#### Material provided:

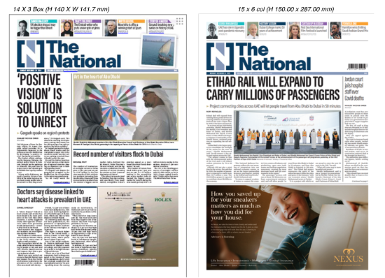 - Front Page Ad: First-impression impact on UAE's most-read paper.
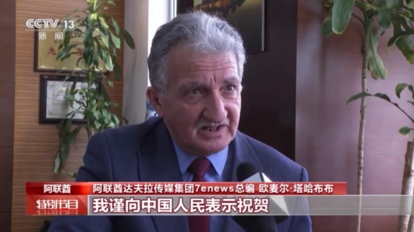 阿联酋达夫拉传媒集团7enews总编 欧麦尔·塔哈布布:值此习近平当选中华人民共和国主席之际,我谨向中国人民表示祝贺。习主席带领中国成功克服过去几年的难题挑战,他将能带领中国取得进一步发展,更好地应对挑战。
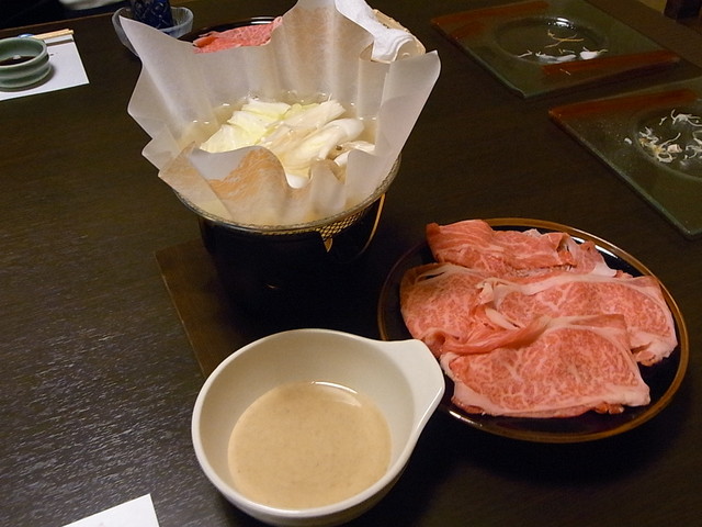 近江牛会席¥8000 付き出しは鯛ポン酢と河豚皮の湯引き♪

#### Brief:
Reproduce the material in its entirety and word for word, without the pictures.

#### Written solution:
 - Front Page Ad: First-impression impact on UAE's most-read paper.
 阿联酋达夫拉传媒集团7enews总编 欧麦尔·塔哈布布:值此习近平当选中华人民共和国主席之际,我谨向中国人民表示祝贺。习主席带领中国成功克服过去几年的难题挑战,他将能带领中国取得进一步发展,更好地应对挑战。
 近江牛会席¥8000 付き出しは鯛ポン酢と河豚皮の湯引き♪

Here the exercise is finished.